In the query of listing 3 it would be helpful to give more details about the status of the engine of a machine. I do not see the concept Status in the model, maybe it should be described how this status is obtained or what it represents (for example, if it can be seen as an abnormal behavior). This would show that the KG offers this kind of semantic information that could be exploited by an operator and even obtain more information associated with this abnormal behavior to determine its causes.

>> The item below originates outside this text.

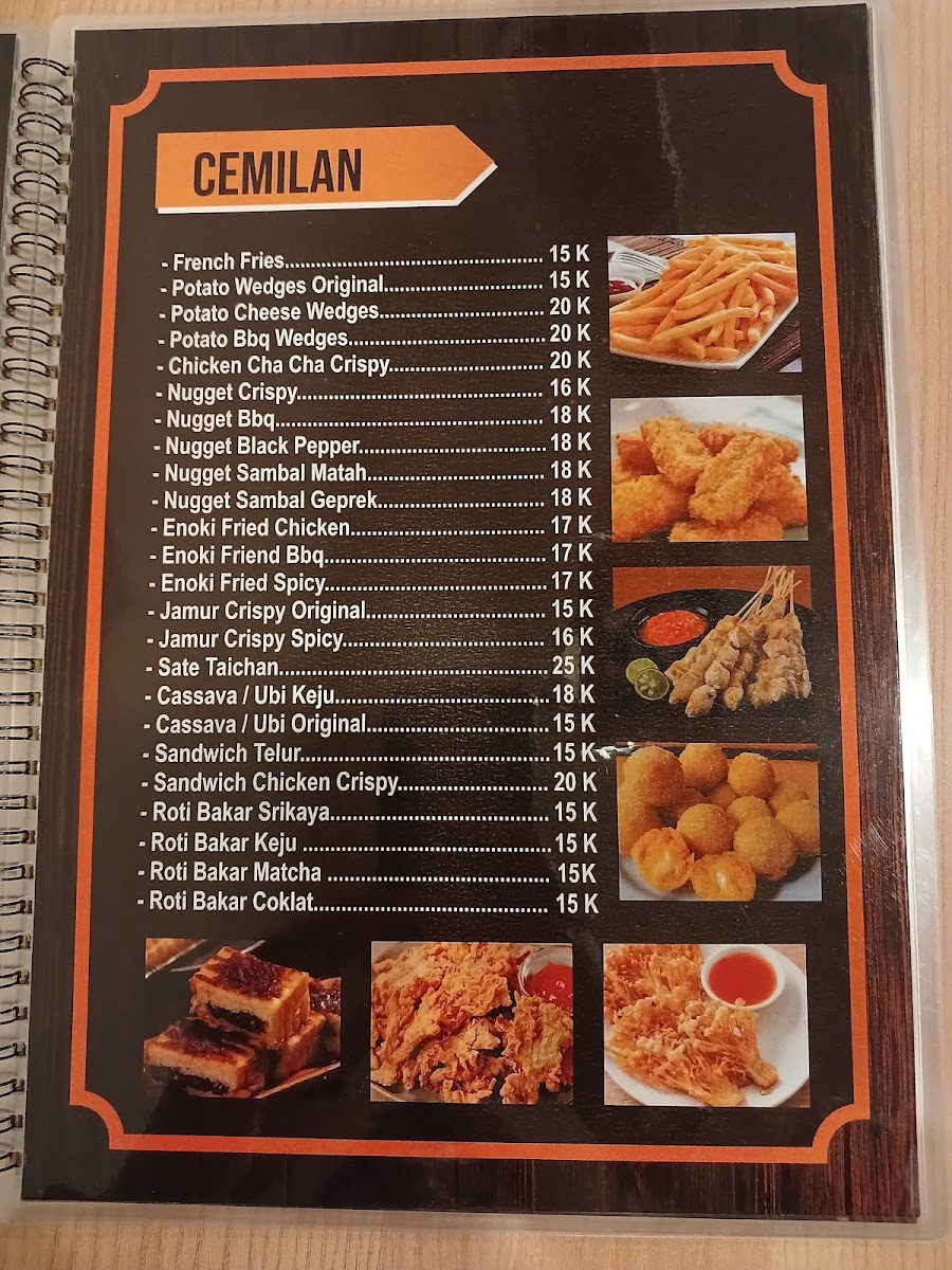- Cemilan: Delight in an array of tempting snacks like Potato Cheese Wedges and Enoki Fried Chicken. Each bite is crafted for flavor and texture, perfect for sharing or indulging solo.

Furthermore, maybe add third-party uses to provide evidence of the usefulness of the KG dataset. For example, a possible application (and not just say methods and tools) that can make use of KG to demonstrate its usefulness. For example, how KG could help to create suitables datasets to build machine learning models for predictive maintenance.

Can this KG be adapted to another case that is not the manufacture of soccer balls? I think that the authors could make a discussion about this and give some hints on how to do it beyond that they do not fully validate this adaptability.